Il parere dell’amministrazione finanziaria è vincolante per la stessa solo relativamente al caso oggetto di interpello e per il solo contribuente. Tutto ciò sta a significare che la risposta alla fattispecie prospettata non potrà essere utilizzata da altro soggetto passivo ancorché riguardi casi simili o materie analoghe. Qualora l’istanza di interpello sia formulata da un numero elevato di contribuenti per fattispecie simili, l’amministrazione finanziaria potrebbe intervenire rispondendo cumulativamente attraverso una circolare esplicativa o una risoluzione. Eventuali provvedimenti di natura impositiva o sanzionatoria emanati dall’amministrazione finanziaria discordanti rispetto al parere formulato, sono da ritenere nulli e privi di qualsiasi efficacia. Dal tenore della norma sembra evincersi che se il parere perviene al contribuente entro i termini succitati, attraverso il quale il fisco concorda con l’assunto del contribuente stesso, nessun accertamento potrà essere disposto per il caso di specie; se la risposta non dovesse pervenire entro il termine di 120 giorni, non si renderanno applicabili le sanzioni ma le eventuali maggiori imposte ed interessi saranno dovuti.

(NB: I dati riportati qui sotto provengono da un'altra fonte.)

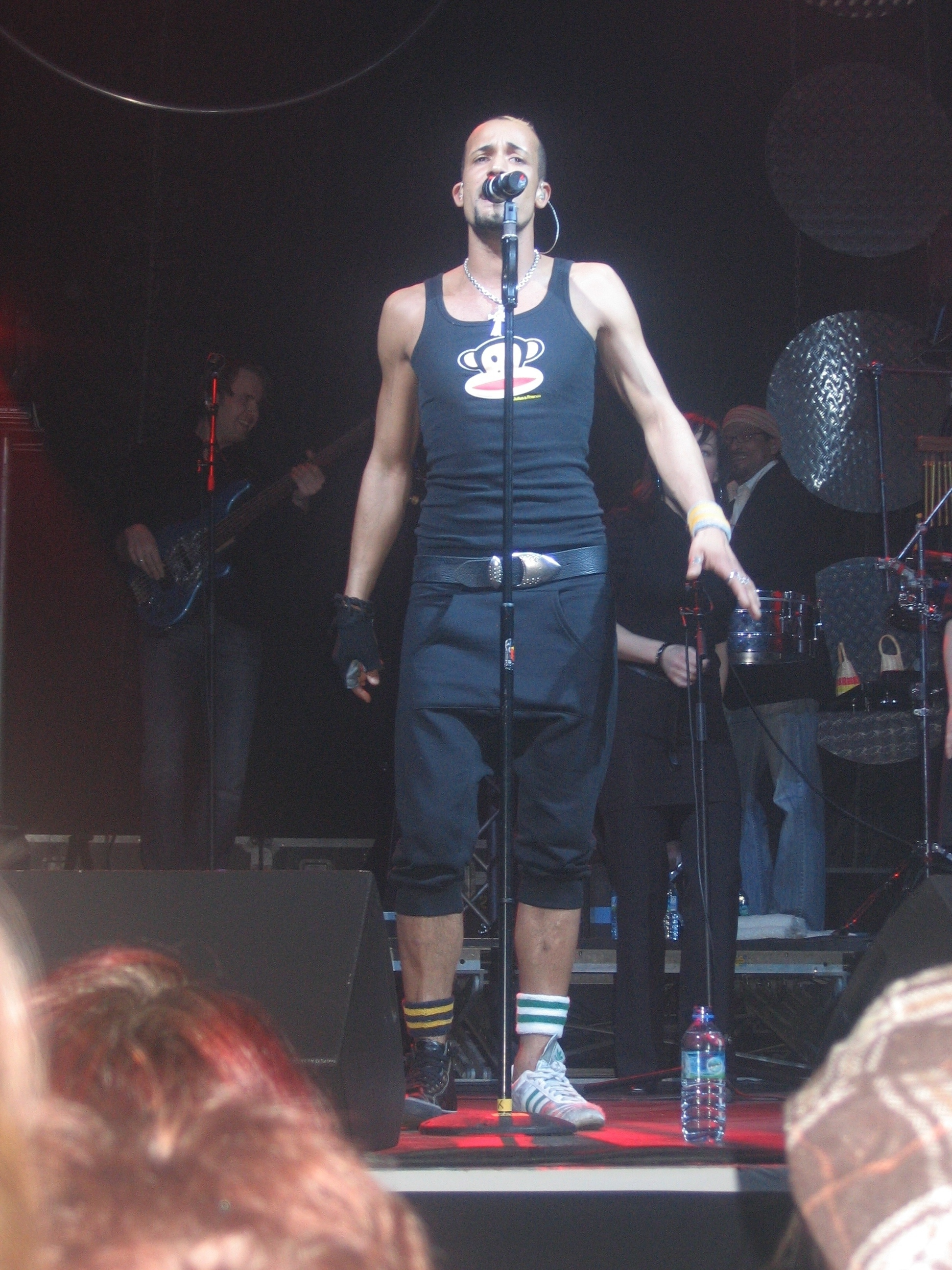 Medlock live (2008)
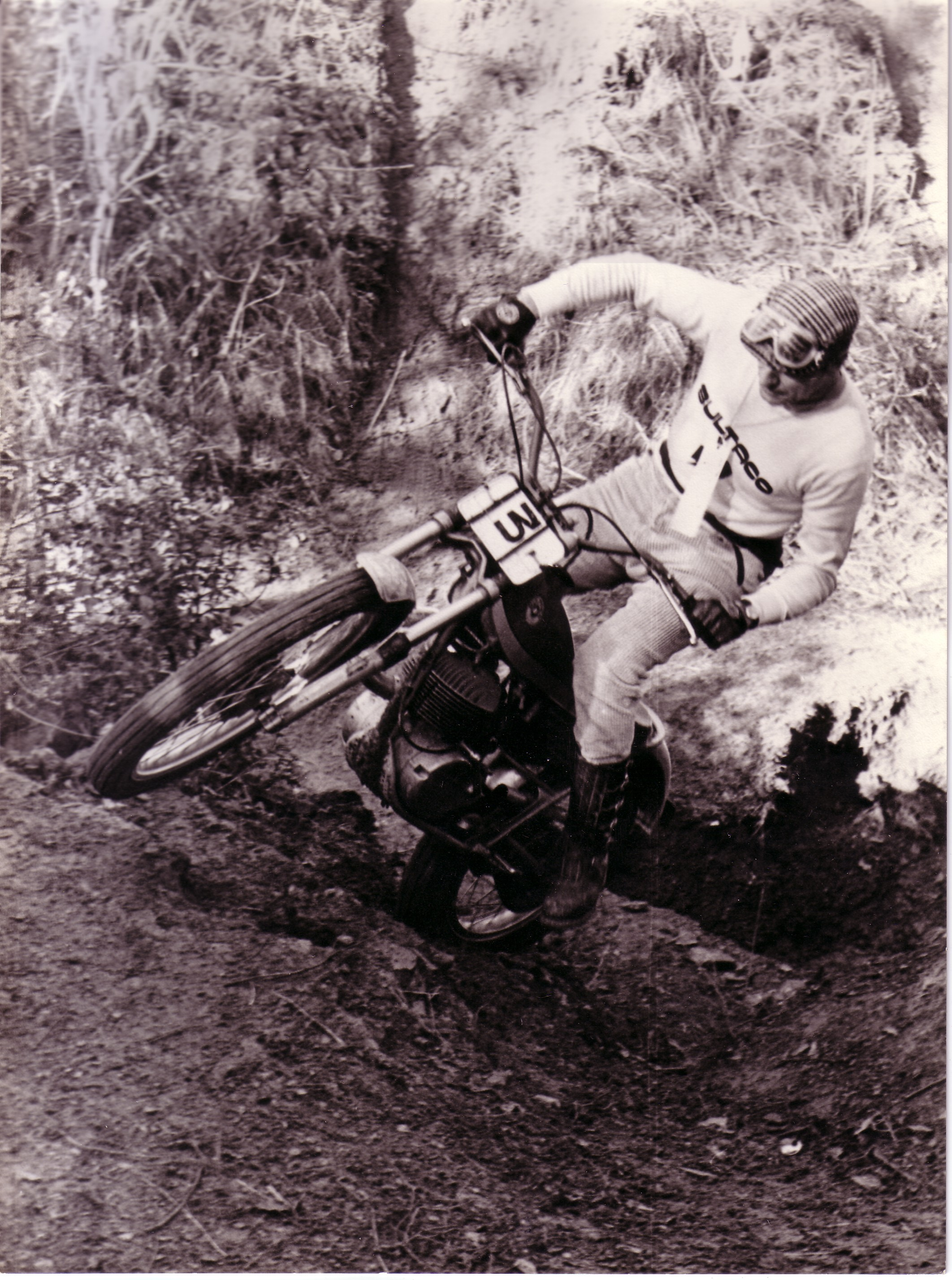 Oriol Puig Bultó on the Bultaco Sherpa T during the 1971 Trial de Reis, held on January 10 in Barcelona, near La Guineueta
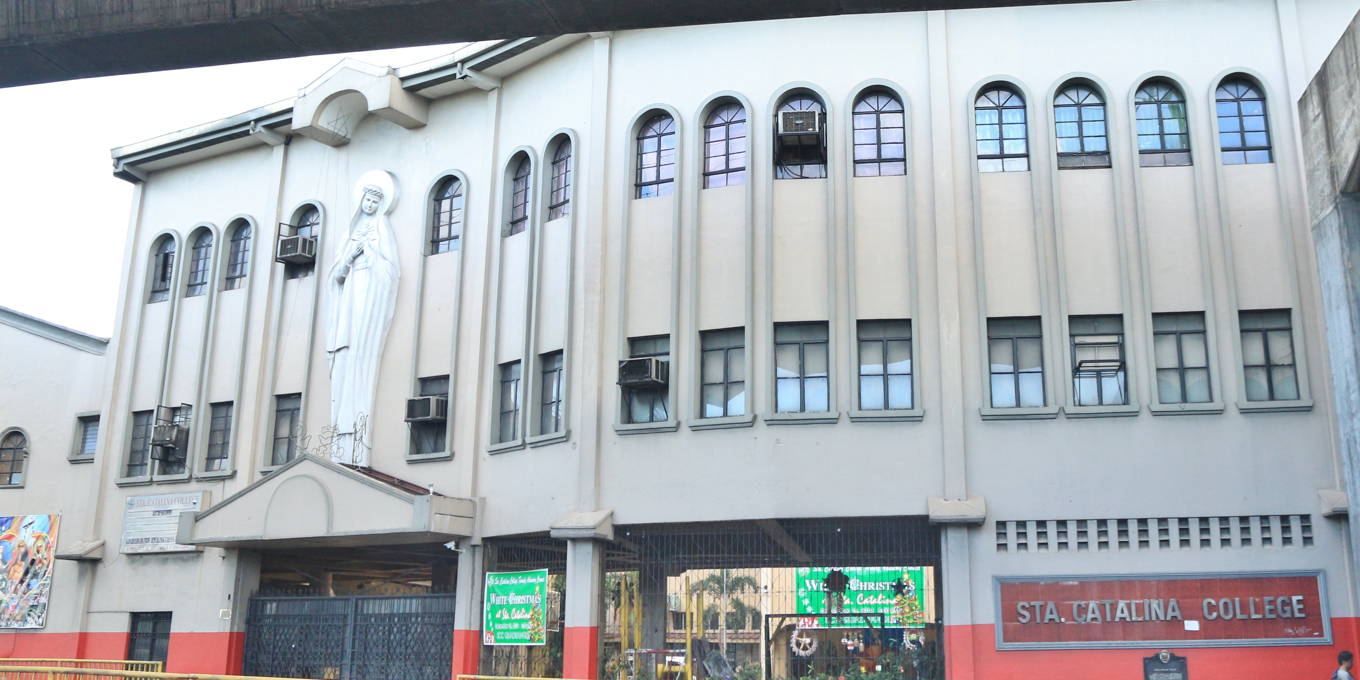 Santa Catalina College Manila facade 4
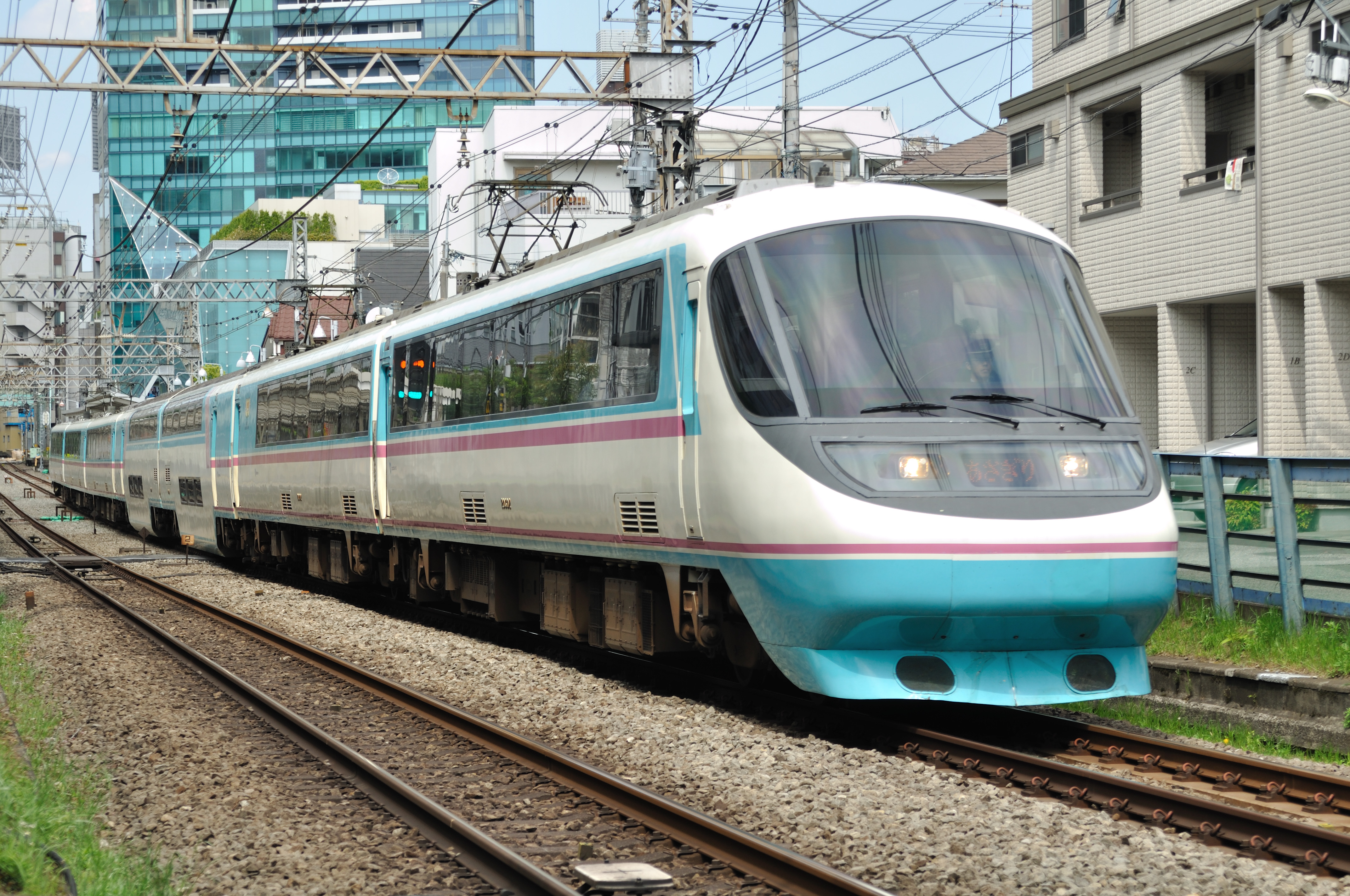 An Odakyu 20000 series RSE Romancecar EMU on an Asagiri service
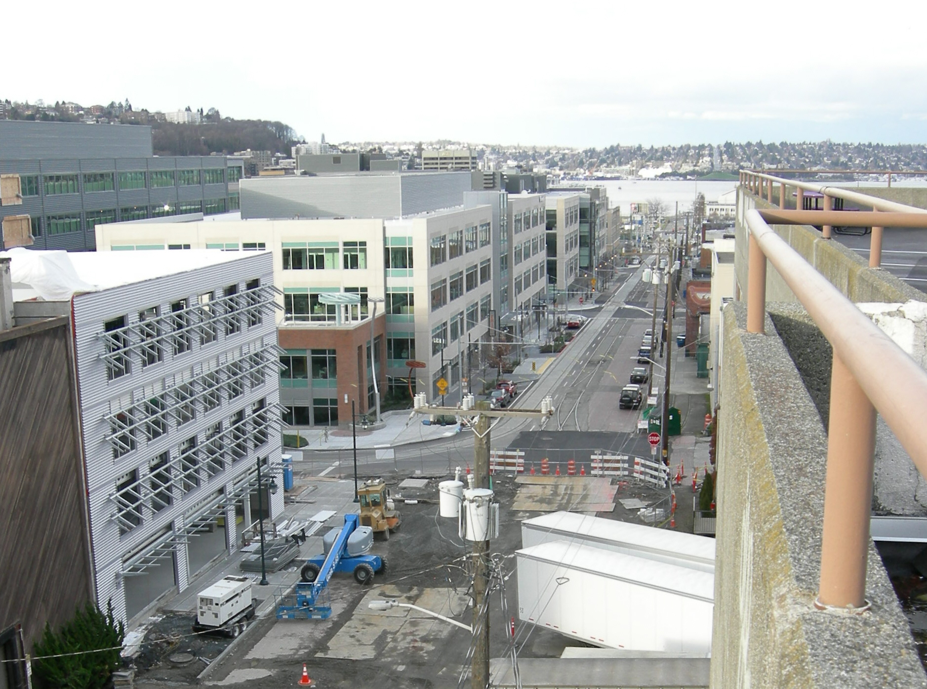 Looking north on Terry Ave N in the South Lake Union neighborhood of Seattle, Washington, USA. Some of the railroad tracks are old and disused; others are for the new (2007) streetcar.
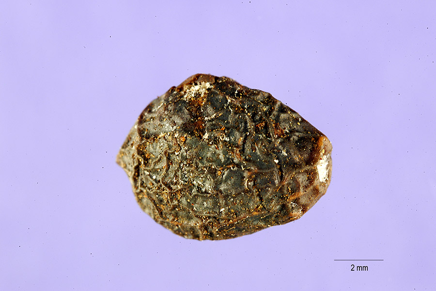 Seed of Pistacia atlantica
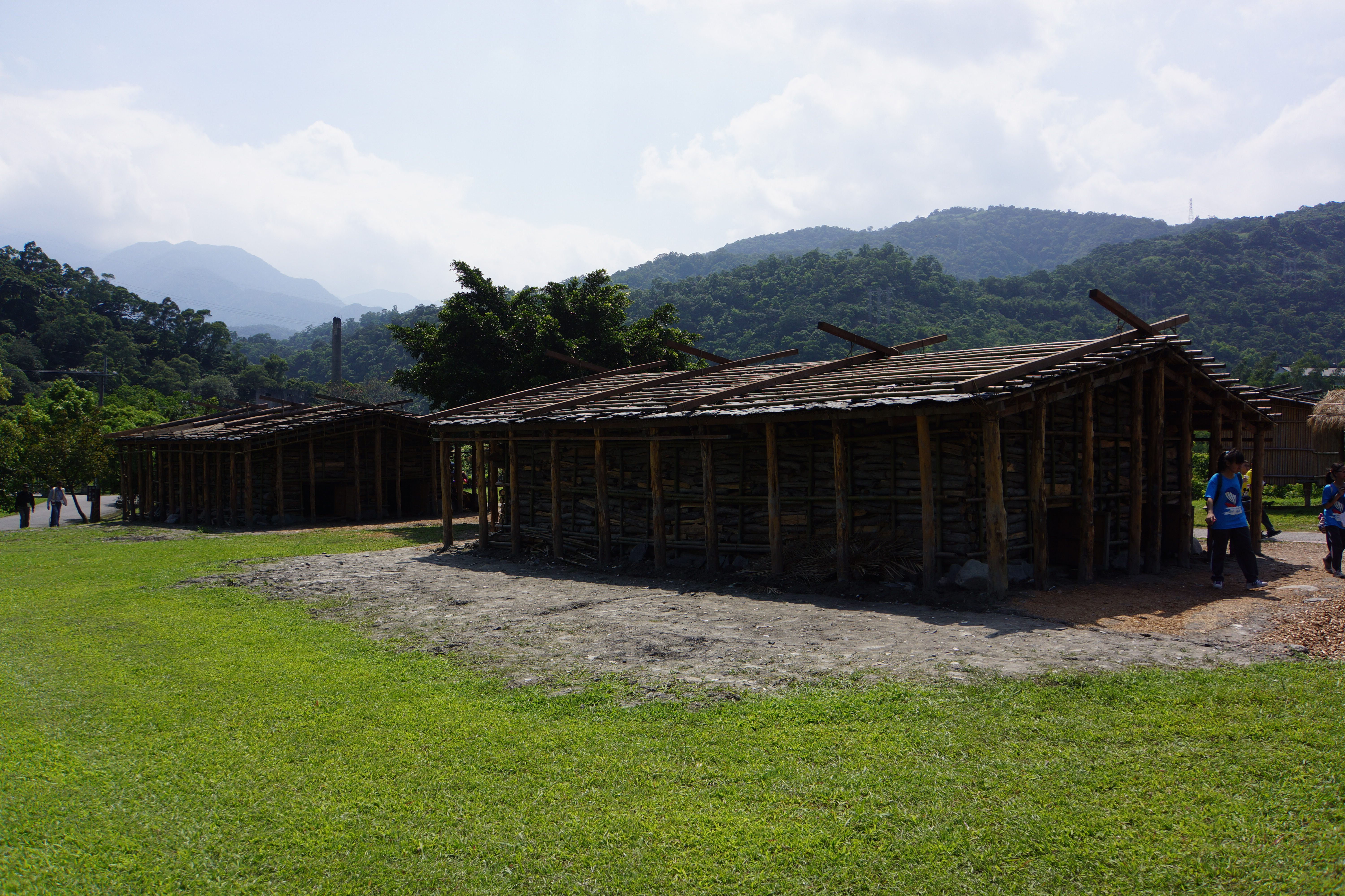 傳統泰雅家屋 Traditional Atayal Houses

Occorre comunque precisare che l’interpello deve riguardare casi per i quali risulti dubbia l’interpretazione e non involgerà questioni risolvibili sulla scorta di circolari e risoluzioni già emanate. Questi ultimi casi potranno essere risolti rivolgendosi al front office che è abilitato a fornire risposte immediate. Nei casi in cui la risposta richieda consultazione o approfondimenti, il contribuente potrà rivolgersi ai back office che forniscono risposte in differita.